より優しく、より精度の高い放射線治療を皆様に。
高精度放射線治療装置Vero4DRTの導入。
当科は2015年6月より高精度放射線治療装置Vero4DRT(ベロ フォーディーアールティー)を導入いたしました。
Vero4DRTは体内で移動する病変を追いかけながら照射する「動体追尾照射」を得意としています。「動体追尾照射」とはどのような治療でしょうか?

肺癌を例に考えてみましょう。肺癌を放射線治療で完全に治療するためには肺癌の病変全体に放射線を照射しなければなりません。そのための方法の一つとして当科では従来から定位照射(ピンポイント照射)を実施してきました。しかし肺は呼吸で動きますから肺癌の病変も呼吸により移動します。従って、定位照射といえども、病変全体に確実に照射するためには、病変が呼吸で移動する範囲を全て照射するか、患者さんに息を止めてもらいながら照射する、あるいは、呼吸中の特定のタイミングでのみ照射する、といった工夫が必要でした。

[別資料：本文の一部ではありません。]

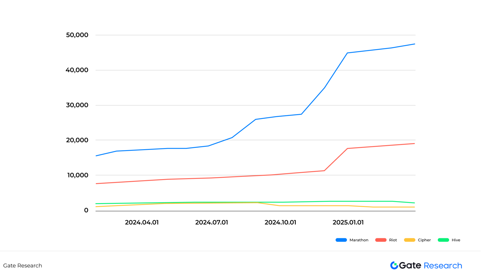 对于现金流紧张的小型矿场而言,比特币价格的下跌对其股价影响尤为显著。由于资金有限,这些矿场通常无法长期持有所挖比特币,只能在挖出后立即出售以维持运营资金。在市场低迷期间,这种「挖即卖」的策略可能加剧市场的抛压,进一步影响比特币价格走势。如下图所示,Cipher 和 Hive 两家公司 2025 年 3 月持有比特币的数量分别为 1,034 和 2,201,同比分别下跌 40% 和 3%;而 Marathon 和 Riot 两家公司 2025 年 3 月持有比特币的数量分别为 47,531 和 19,223,同比分别上涨 173% 和 126%。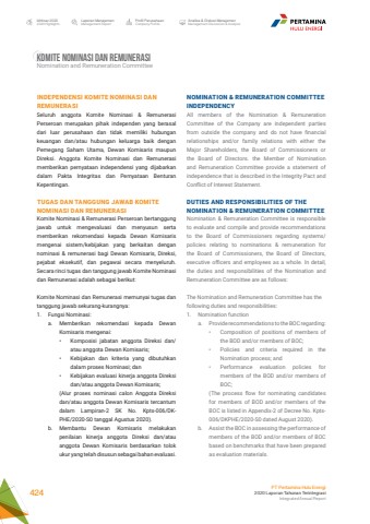 Komite nominasi dan remunerasiNomination and Remuneration CommitteeINDEPENDENSI KOMITE NOMINASI DAN REMUNERASI Seluruh anggota Komite Nominasi & Remunerasi Perseroan merupakan pihak independen yang berasal dari luar perusahaan dan tidak memiliki hubungan keuangan dan/atau hubungan keluarga baik dengan Pemegang Saham Utama, Dewan Komisaris maupun Direksi. Anggota Komite Nominasi dan Remunerasi memberikan pernyataan independensi yang dijabarkan dalam Pakta Integritas dan Pernyataan Benturan Kepentingan. TUGAS DAN TANGGUNG JAWAB KOMITE NOMINASI DAN REMUNERASIKomite Nominasi & Remunerasi Perseroan bertanggung jawab untuk mengevaluasi dan menyusun serta memberikan rekomendasi kepada Dewan Komisaris mengenai sistem/kebijakan yang berkaitan dengan nominasi & remunerasi bagi Dewan Komisaris, Direksi, pejabat eksekutif, dan pegawai secara menyeluruh. Secara rinci tugas dan tanggung jawab Komite Nominasi dan Remunerasi adalah sebagai berikut: Komite Nominasi dan Remunerasi memunyai tugas dan tanggung jawab sekurang-kurangnya: 1. Fungsi Nominasi: a. Memberikan rekomendasi kepada Dewan Komisaris mengenai: %u2022 Komposisi jabatan anggota Direksi dan/atau anggota Dewan Komisaris; %u2022 Kebijakan dan kriteria yang dibutuhkan dalam proses Nominasi; dan %u2022 Kebijakan evaluasi kinerja anggota Direksi dan/atau anggota Dewan Komisaris; (Alur proses nominasi calon Anggota Direksi dan/atau anggota Dewan Komisaris tercantum dalam Lampiran-2 SK No. Kpts-006/DKPHE/2020-S0 tanggal Agustus 2020). b. Membantu Dewan Komisaris melakukan penilaian kinerja anggota Direksi dan/atau anggota Dewan Komisaris berdasarkan tolok ukur yang telah disusun sebagai bahan evaluasi. NOMINATION & REMUNERATION COMMITTEE INDEPENDENCYAll members of the Nomination & Remuneration Committee of the Company are independent parties from outside the company and do not have financial relationships and/or family relations with either the Major Shareholders, the Board of Commissioners or the Board of Directors. the Member of Nomination and Remuneration Committee provide a statement of independence that is described in the Integrity Pact and Conflict of Interest Statement.DUTIES AND RESPONSIBILITIES OF THE NOMINATION & REMUNERATION COMMITTEENomination & Remuneration Committee is responsible to evaluate and compile and provide recommendations to the Board of Commissioners regarding systems/policies relating to nominations & remuneration for the Board of Commissioners, the Board of Directors, executive officers and employees as a whole. In detail, the duties and responsibilities of the Nomination and Remuneration Committee are as follows: The Nomination and Remuneration Committee has the following duties and responsibilities:1. Nomination functiona. Provide recommendations to the BOC regarding:%u2022 Composition of positions of members of the BOD and/or members of BOC;%u2022 Policies and criteria required in the Nomination process; and%u2022 Performance evaluation policies for members of the BOD and/or members of BOC; (The process flow for nominating candidates for members of BOD and/or members of the BOC is listed in Appendix-2 of Decree No. Kpts006/DKPHE/2020-S0 dated August 2020).b. Assist the BOC in assessing the performance of members of the BOD and/or members of BOC based on benchmarks that have been prepared as evaluation materials.Laporan ManajemenManagement ReportProfil PerusahaanCompany ProfileAnalisa & Diskusi ManajemenManagement Discussion & AnalysisIkhtisar 20202020 HighlightsPT Pertamina Hulu Energi2020 Laporan Tahunan TerintegrasiIntegrated Annual Report 424

しかしVero4DRTの「動体追尾照射」では、前後左右、時として、旋回移動をする病変にも追随し、病変のみを途切れることなく照射できます。このため、放射線を照射する範囲は従来の定位照射と比べると2/3から1/2程度にまで縮小可能で、患者さんの体により優しい放射線治療を実現しました。
一方、Vero4DRTは、病変や周囲の臓器の形状に正確に合わせて放射線を照射する、強度変調放射線治療(IMRT)も得意です。この治療が現在最も得意とする疾患は前立腺癌ですが、腹部の他の臓器や脳にも応用でき、病変にはより強く照射しつつ重要臓器は保護する放射線治療が可能です。

また、Vero4DRTは、上記のような特別な治療だけではなく、一般の放射線治療患者さんにも早く正確な放射線治療を行う機能を備えております。
三菱重工業株式会社が京都大学を始めとする機関と世界に先駆けて開発したVero4DRT。癌治療を必要とする全ての方にお勧めしたい高精度放射線治療装置です。